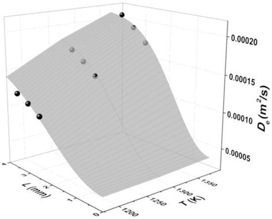 Figure 12 shows De determined by Equation (20) and that observed in the experiments (dots) under different temperatures and ash layer thickness. Clearly the De determined from Equation (20) fits the experimental data well with small residual sum of square, approximately 7.1 × 10−11 m4/s2 at 1273 K and ash layer thickness of 2.5–3.5 mm, for example.
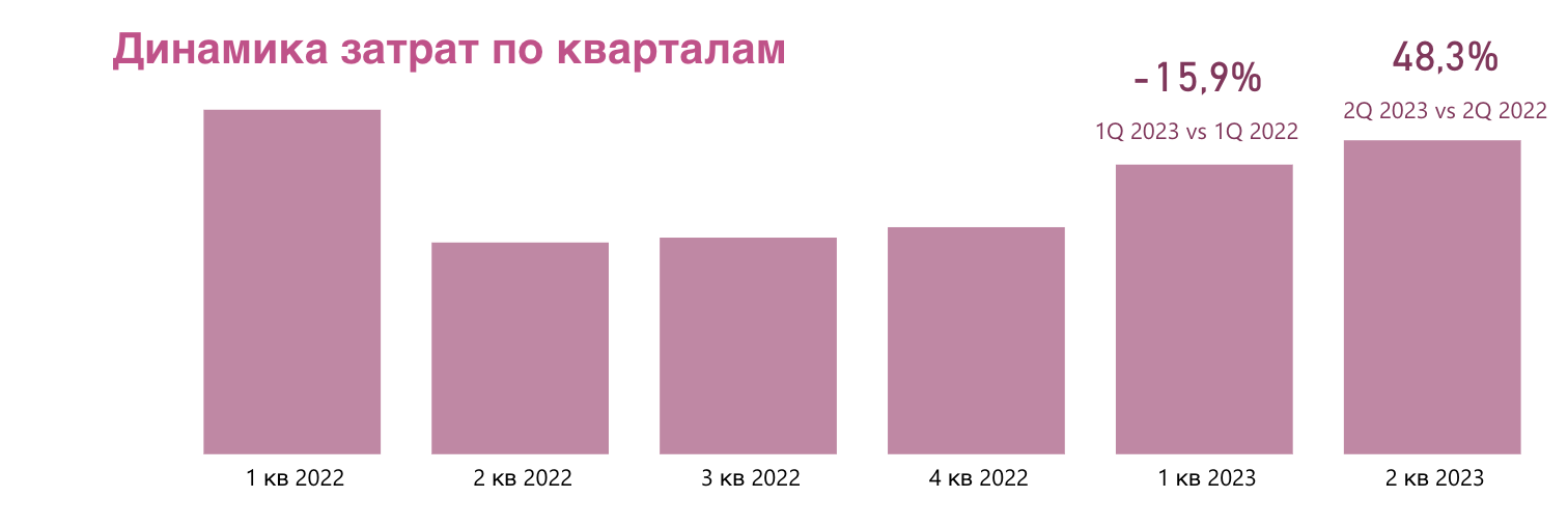 Общий рекламный бюджет сервисов по итогам первого квартала этого года упална 15%, а за второй квартал, наоборот, вырос на 48% год к году.
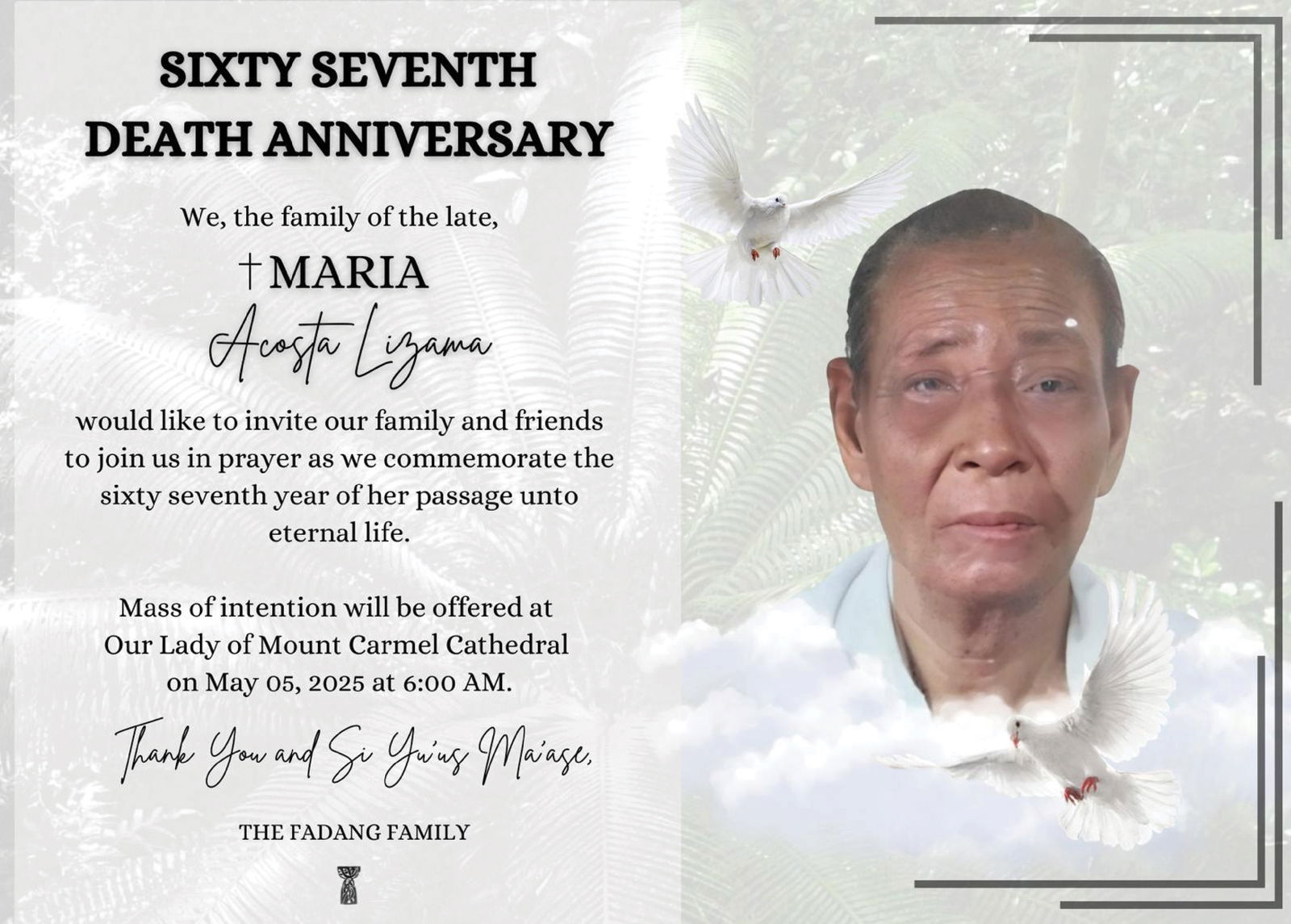 Sixty Seventh Death Anniversary †Maria Acosta Lizama
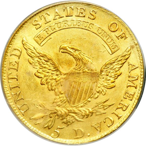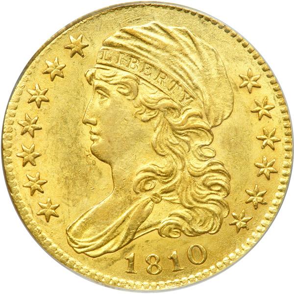 1810 $5 Capped Draped Bust. Small date, large 5. . BD-1, Breen-6462. PCGS graded MS-61. By all reckoning this has a decent strike on a problem-free planchet with light golden toning. An inspiring and lustrous coin it is, in fact, with frosty support beneath vibrant golden color. The reverse and obverse centers play host to a brilliance and originality always appreciated by the stronger buyers. In short, a lovely coin, one that certainly meets the qualifications for MS61 grade. A hint of weakness at the hair curls and eagle is typically seen on these early Capped Draped Bust fives, but is missing on this sharply struck 1810 specimen, with the key central areas strongly hit by the dies. Pop 7; 33 finer at PCGS (PCGS # 8106) .
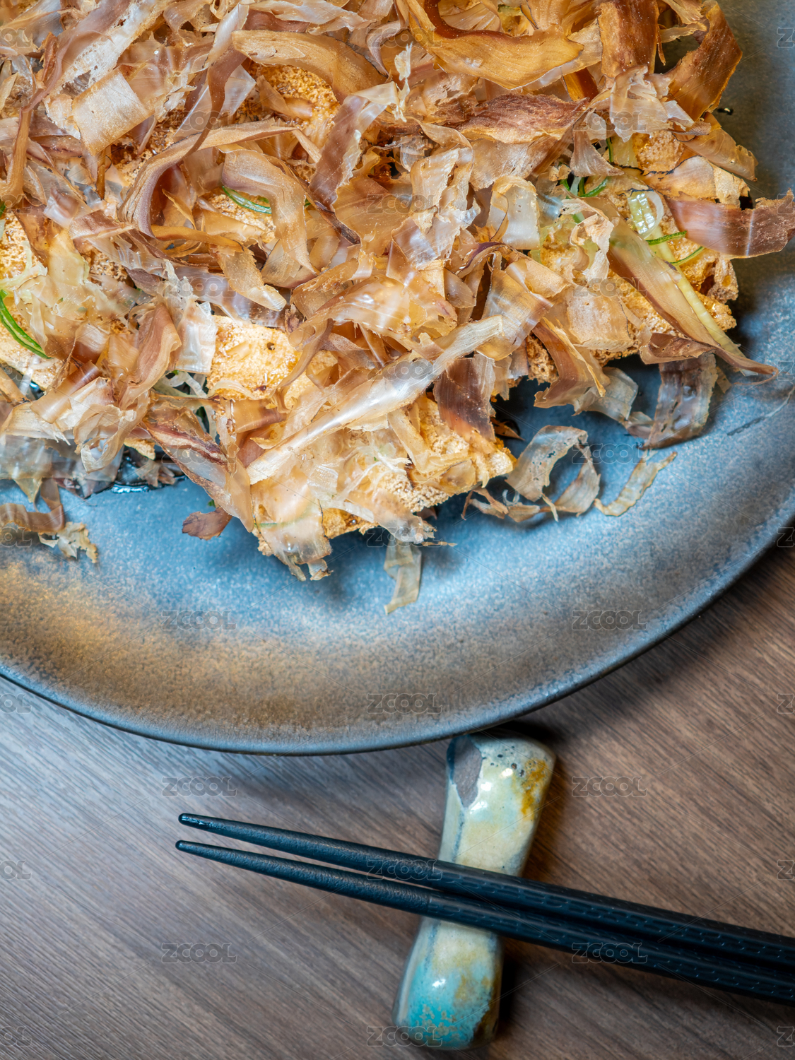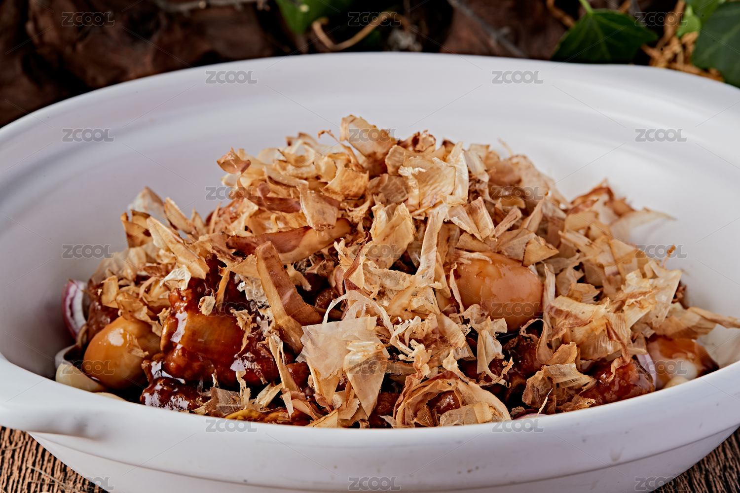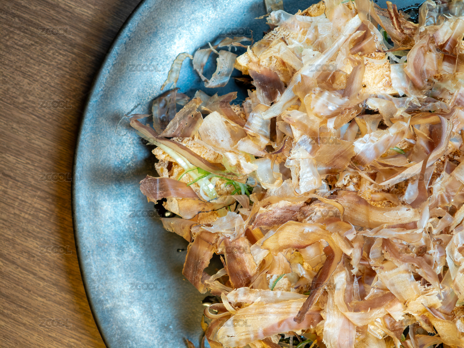 桌面上的盘子里的美味可口的木鱼片
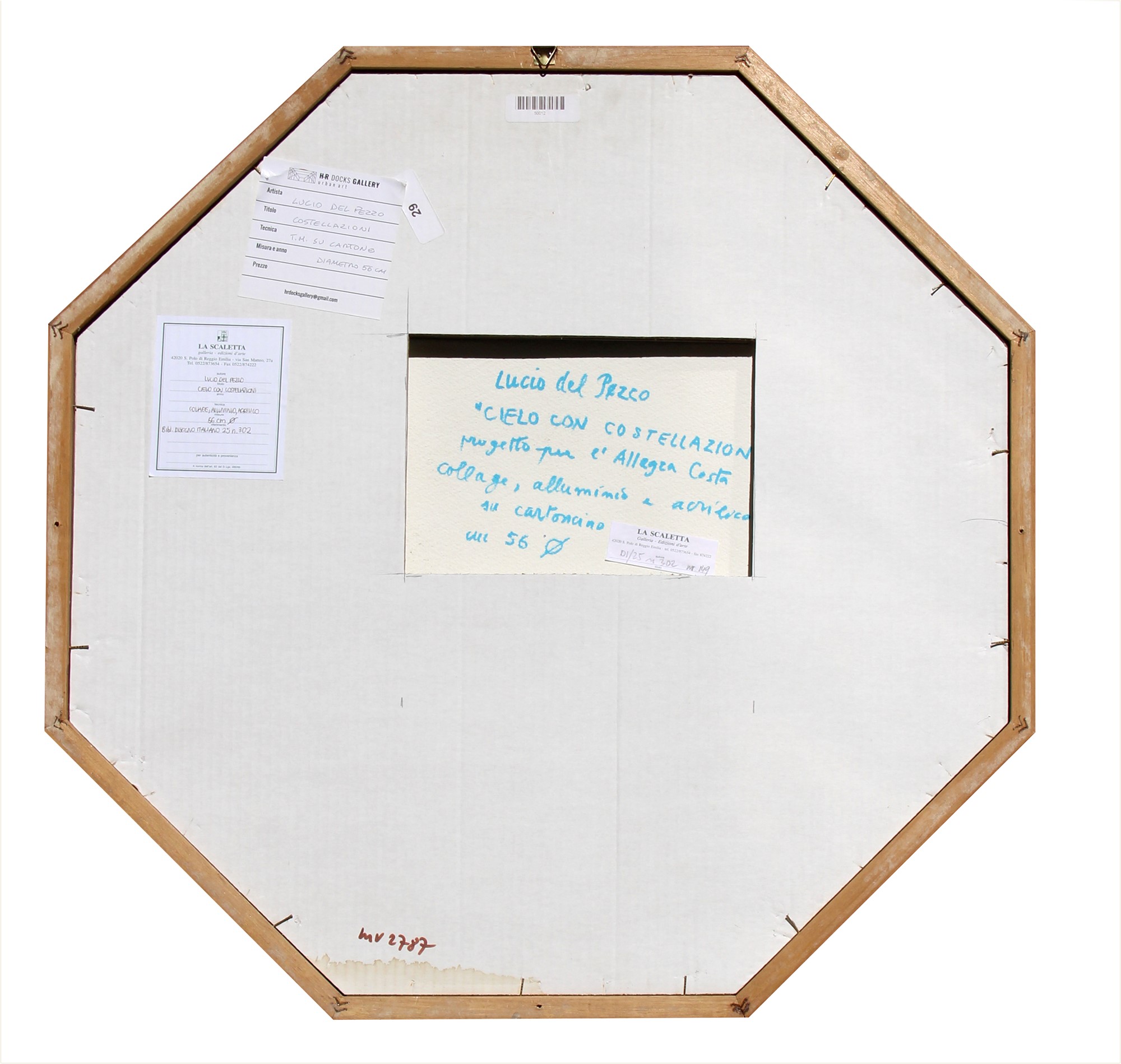 Firma, titolo, tecnica, misura "Lucio Del Pezzo, Cielo con costellazioni, progetto per l'Allegra Costa, collage, alluminio e acrilico su cartoncino, cm 56 Ø";
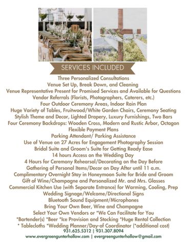 14-hours use of lodge, dressing rooms and grounds on the big day. 4 hours provided on the day before the event for decoration and rehearsal (additional fees apply if you desire to hold your rehearsal dinner in the lodge, comes complimentary with whole property overnight packages).
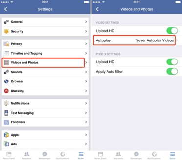Facebook provides an Autoplay video function that helps the user to control the data and energy consumption of Mobile.
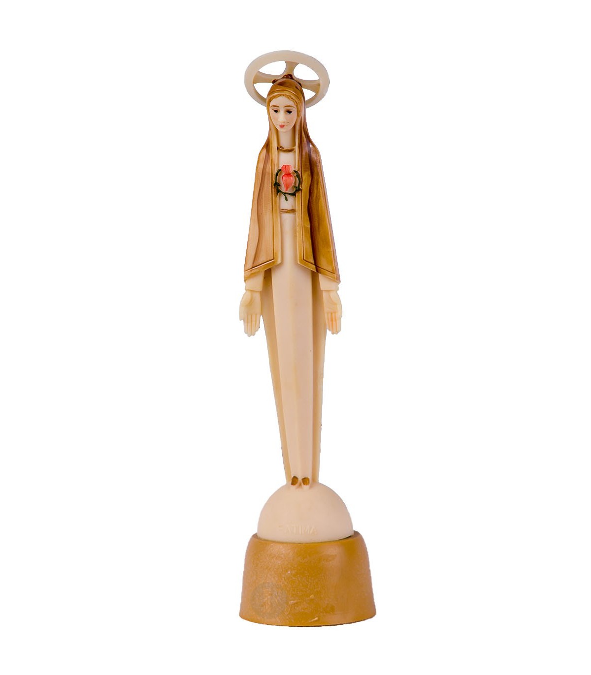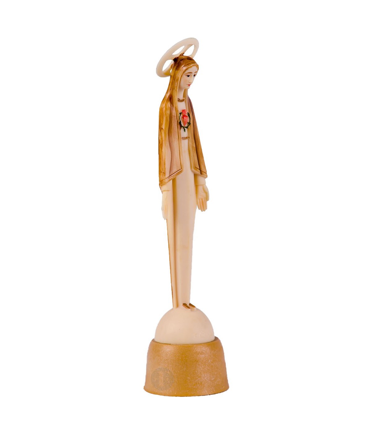 Imaculado Coração de Maria em poliestireno reciclado com 13 cm de tamanho, estilizado. Imitação de madeira. Totalmente pintado à mão.
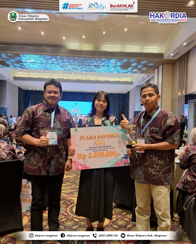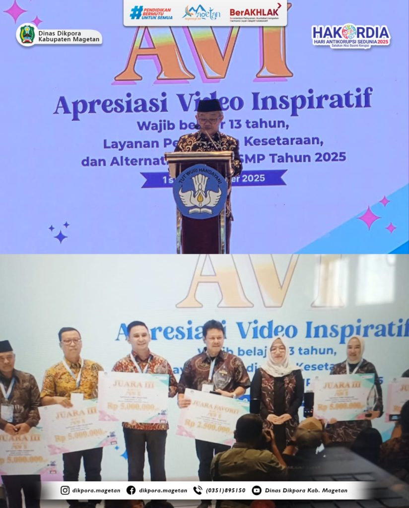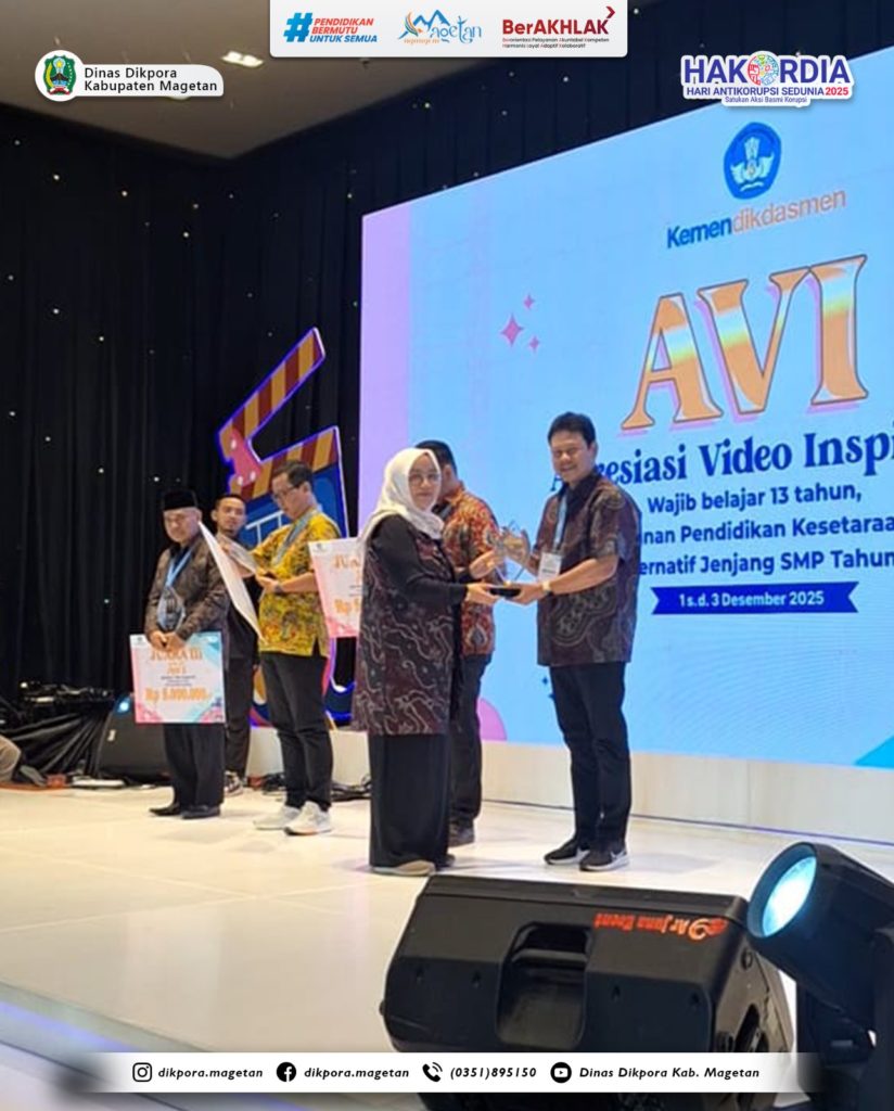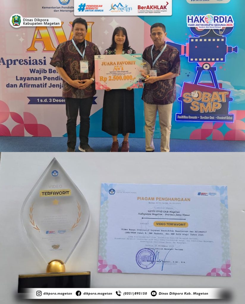 Dikpora Magetan melalui SKB Negeri Magetan berhasil meraih penghargaan dari Kemendikdasmen sebagai Juara Favorit dalam ajang Apresiasi Video Inspiratif (AVI) Wajib Belajar 13 Tahun Pendidikan Kesetaraan. Penghargaan ini diraih setelah bersaing dengan SKB kabupaten dan kota dari seluruh Indonesia. Penyerahan penghargaan dilaksanakan pada tanggal 2 Desember 2025 di Jakarta dan dihadiri secara langsung oleh Bapak Mendikdasmen.
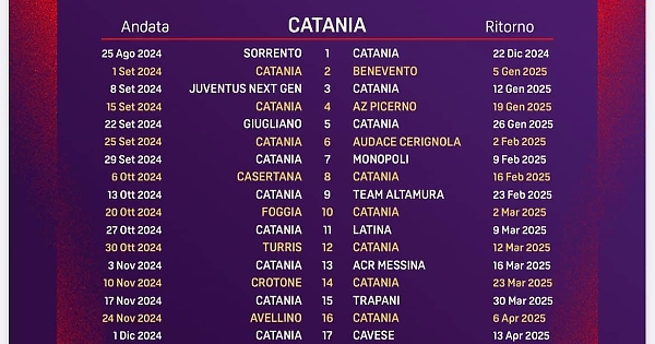 Varato il calendario della stagione 2024/25 della serie C. Per il Catania esordio in trasferta il 25 agosto contro il Sorrento. Per il Messina esordio casalingo contro il Potenza, mentre il neo promosso Trapani se la vedrà allo Zaccheria contro il Foggia. Quest'anno nel girone C quello meridionale c'è anche la Juventus NexGen che comincerà in casa contro il Cerignola.
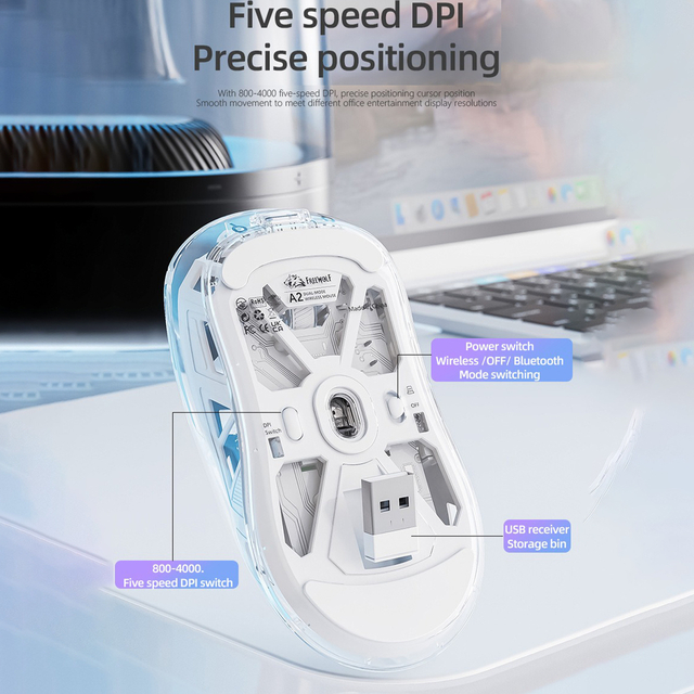 Mouse Gamer Freewolf A2 Inalámbrico 2.4GHz / BT – RGB 4000 DPI

Directions: Output exactly the lines from the first line of the records through the line containing "Sixty Seventh Death". Leave out every picture.

Response below:
 Figure 12 shows De determined by Equation (20) and that observed in the experiments (dots) under different temperatures and ash layer thickness. Clearly the De determined from Equation (20) fits the experimental data well with small residual sum of square, approximately 7.1 × 10−11 m4/s2 at 1273 K and ash layer thickness of 2.5–3.5 mm, for example.
 Общий рекламный бюджет сервисов по итогам первого квартала этого года упална 15%, а за второй квартал, наоборот, вырос на 48% год к году.
 Sixty Seventh Death Anniversary †Maria Acosta Lizama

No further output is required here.